[Data excerpt]

^^^^^^^^^^^^^^^^

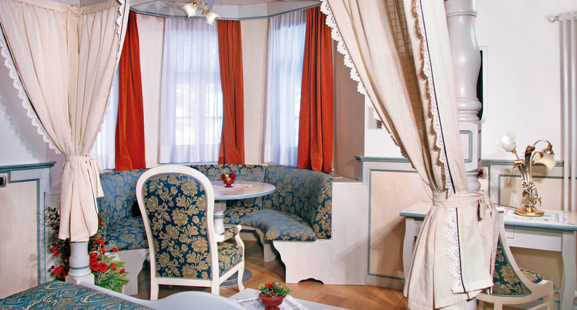 When it comes to a restful night’s sleep, the bedrooms are each furnished in a unique alpine style. The Classic Rooms are comfortable, simply furnished, and equipped with everything needed for a stay in the mountains. For a more luxurious experience, upgrade to the more spacious Prestige Rooms complete with a hydro massage bathtub or shower. The hotel’s ambiance reflects the traditional alpine style, creating a cozy and inviting atmosphere.
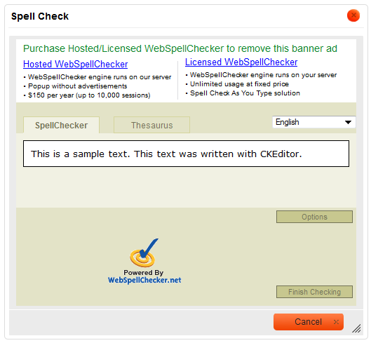 Please note that the free spell checking solution provided by WebSpellChecker.net is advertisement-supported. To remove the ads, you need to buy a license. For licensing terms check the WebSpellChecker.net website.
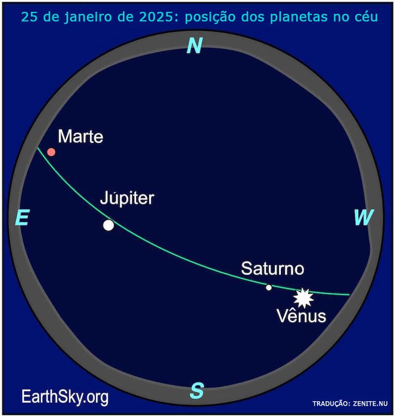 Bem, a olho nu nós só podemos ver cinco planetas: Mercúrio, Vênus, Marte, Júpiter e Saturno. Em janeiro de 2025 (e em praticamente todo o mês, não somente no dia 25) os planetas Marte, Júpiter, Vênus e Saturno podem ser vistos numa linha ao longo do céu. Entre Vênus e Júpiter, os mais brilhantes, ainda se posicionarão Netuno e Urano, visíveis apenas com algum instrumento astronômico.
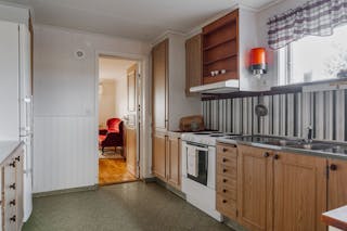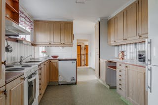 Köket är utrustat med spis, fläkt, diskmaskin, kyl/frys, väggar med bröstpanel och plastmatta på golvet.

^^^^^^^^^^^^^^^^

The entire listing above, minus its pictures, should be copied out exactly.

[Solution for this task]
 When it comes to a restful night’s sleep, the bedrooms are each furnished in a unique alpine style. The Classic Rooms are comfortable, simply furnished, and equipped with everything needed for a stay in the mountains. For a more luxurious experience, upgrade to the more spacious Prestige Rooms complete with a hydro massage bathtub or shower. The hotel’s ambiance reflects the traditional alpine style, creating a cozy and inviting atmosphere.
 Please note that the free spell checking solution provided by WebSpellChecker.net is advertisement-supported. To remove the ads, you need to buy a license. For licensing terms check the WebSpellChecker.net website.
 Bem, a olho nu nós só podemos ver cinco planetas: Mercúrio, Vênus, Marte, Júpiter e Saturno. Em janeiro de 2025 (e em praticamente todo o mês, não somente no dia 25) os planetas Marte, Júpiter, Vênus e Saturno podem ser vistos numa linha ao longo do céu. Entre Vênus e Júpiter, os mais brilhantes, ainda se posicionarão Netuno e Urano, visíveis apenas com algum instrumento astronômico.
 Köket är utrustat med spis, fläkt, diskmaskin, kyl/frys, väggar med bröstpanel och plastmatta på golvet.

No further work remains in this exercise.